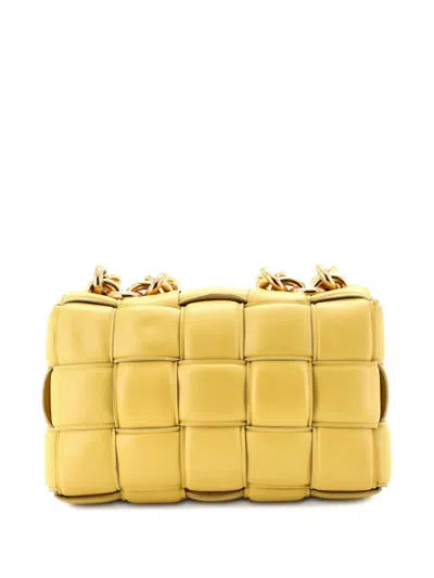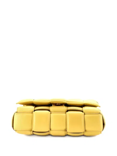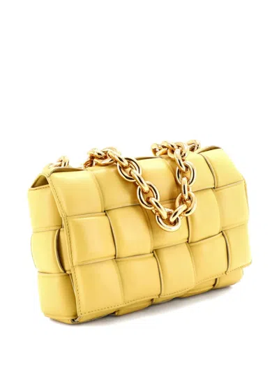 Pre-owned Cassette Chain Padded Maxi Intrecciato Leather Crossbody Bag In Yellow
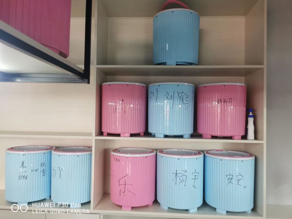 男生洗衣房布局簡(jiǎn)潔、硬朗,頗具工業(yè)風(fēng);而女生則以清新、淡雅的格調(diào)為主。
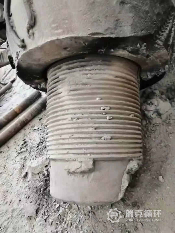 該動錐為欒川某大型礦山公司,整體體積比較龐大,軸頭位置為螺紋結構,可以看到有損壞及掉塊現象。
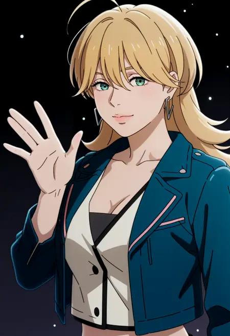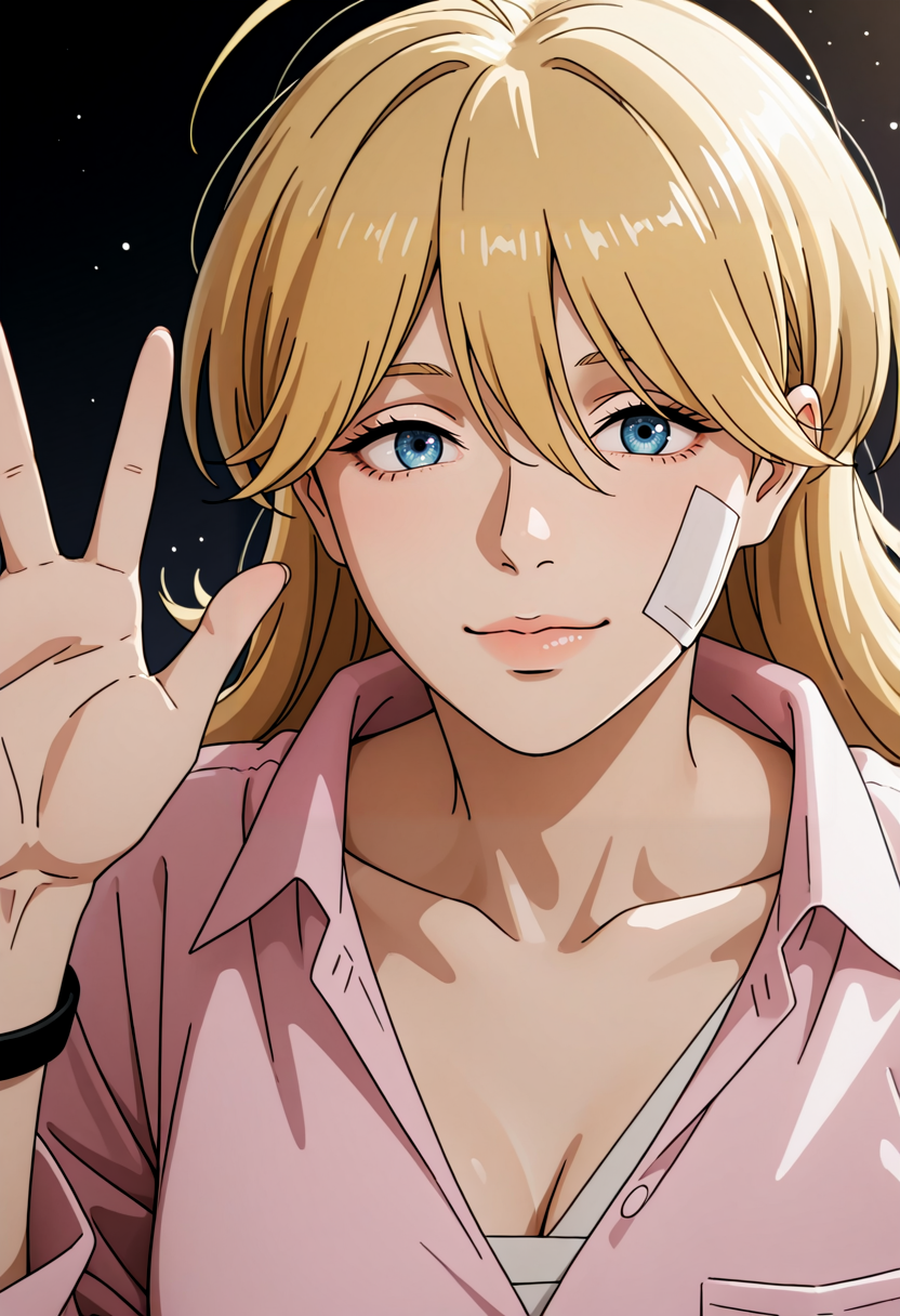 | トレーニングワード | workoutfit1, 1girl, long blonde hair, bangs, messy hair, blue eyes, medium breast, cleavage | blue jacket, cropped jacket, short jacket, collared jacket, long sleeves, pink trim | white light-colored vest, sleeveless vest, buttoned vest, black bra (visible under vest), tube top (visible under vest), midriff (visible) | black long pants, ripped knees, torn pants, コピーしました! cleaneroutfit2, 1girl, long blonde hair, bangs, messy hair, blue eyes, medium breast, cleavage, | baseball cap, black cap, | jumpsuit, blue jumpsuit, collared, v-neck, black belt, black buckle, black undershirt, short sleeves (rolled up), chest pockets,| black wristband, earringsコピーしました! Nightoutfit3, 1girl, long blonde hair, bangs, messy hair, blue eyes, medium breast, cleavage | black dress, long dress, sleeveless dress, low cut dress, plunging neckline, cleavage, belt, thigh-high slit, long slit, blue bra, | choker, bracelet , armband, earrings, purse, bare shoulders, bare arms, bare legs, コピーしました! bakinioutfit4, 1girl, long blonde hair, bangs, messy hair, ponytail , blue eyes, medium breast, | bikini, orange bikini, triangle top, bikini bottoms, side-tie bikini, bare shoulders, bare arms, | black wristband, snorkel, diving maskコピーしました! pajamasoutfit5, 1girl, long blonde hair, bangs, messy hair, blue eyes, medium breast, cleavage, bandage on cheek, | pink shirt, button-up shirt, collared shirt, long sleeves, loose shirt, chest pocket, | black wristbandコピーしました! |

■ WHAT YOU SHOULD DO:
Exactly the lines above, from the one containing "男生洗衣房布局簡(jiǎn)" down to the one containing "該動錐為欒川某大型礦山公司,整體體積比較", are to be repeated, including both ends. Pictures are not part of the copy.

■ ANSWER:
 男生洗衣房布局簡(jiǎn)潔、硬朗,頗具工業(yè)風(fēng);而女生則以清新、淡雅的格調(diào)為主。
 該動錐為欒川某大型礦山公司,整體體積比較龐大,軸頭位置為螺紋結構,可以看到有損壞及掉塊現象。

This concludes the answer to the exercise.